Because Grace Carbery, who had so little, had willingly given her all for that candle.
Brogan sat by the bed and held his daddy’s hand and talked soothingly into his daddy’s ear. Mrs Burt had let him have the small front bedroom so he could be near his mammy and he spent every hour that he was not working sitting by his father and talking to him.
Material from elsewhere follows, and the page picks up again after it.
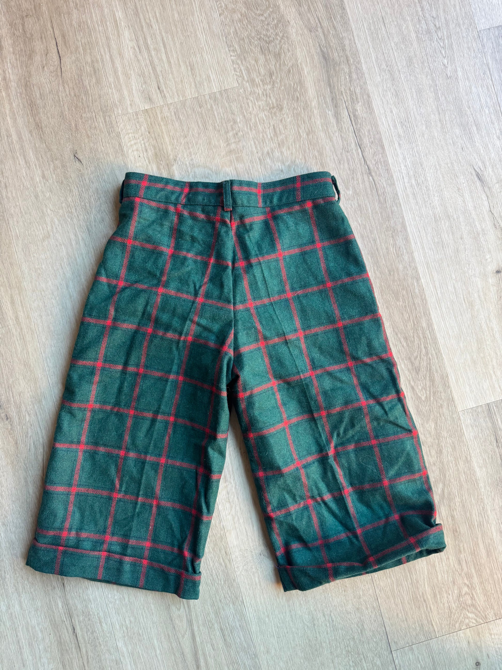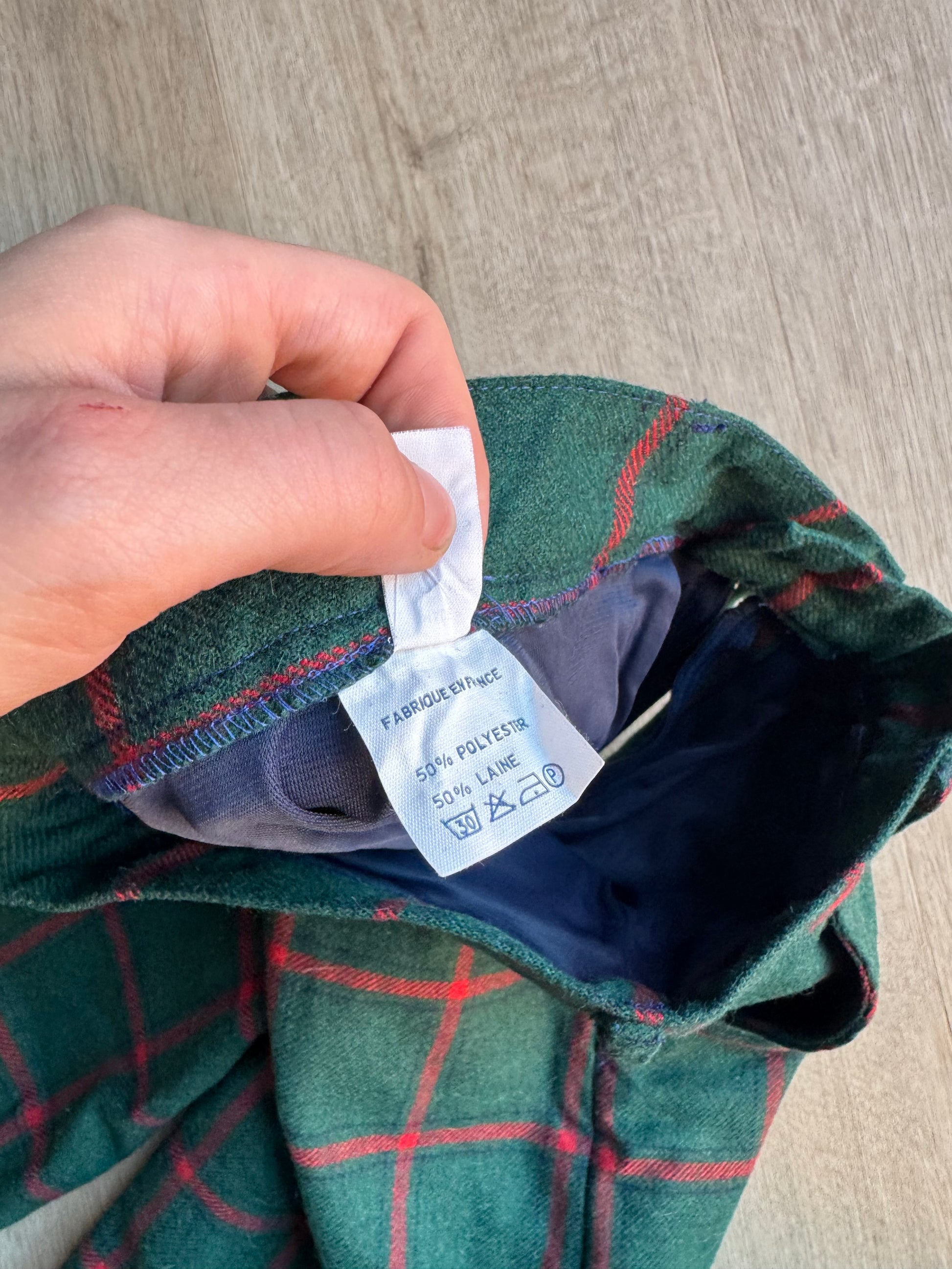 Short long vert, carreaux courge, passant pour une ceinture, deux poches, écossais.

Summer was upon them now, with its long, light evenings and warmer days. And Brogan had moved back to Liverpool. First as a fireman and only recently as a driver, he had learned the road between Crewe and Rugby, and then he had done his time on the road between Crewe and Liverpool until he knew every inch of the track, every light, every signal, every bump in the rails, indeed. And now, when he needed so desperately to be back in Liverpool, the Powers that Be on the LMSR line had put him to learning the Liverpool to Southport road, which meant, of course, that the move back to living, once more, in Liverpool was a natural one. It just showed that prayer worked, Brogan’s mammy said triumphantly, when he told her he’d be staying in Liverpool now. She’d lit candles and prayed for her son’s support and presence, and she had got it.
And now, by Peader’s bed, his son continued his monologue.
‘So then, Daddy, I walked along by the pier head and breathed in the good salt air of the sea, and thought about Dublin. Daddy, you know Mammy’s here wit’ you, longin’ for you to be better? Well, it means the kids is by themselves so they are, and you know Polly’s only a spalpeen, a baby almost. When you’re better, Mammy will take you home . . . oh, Daddy, can you not hear a word I say?’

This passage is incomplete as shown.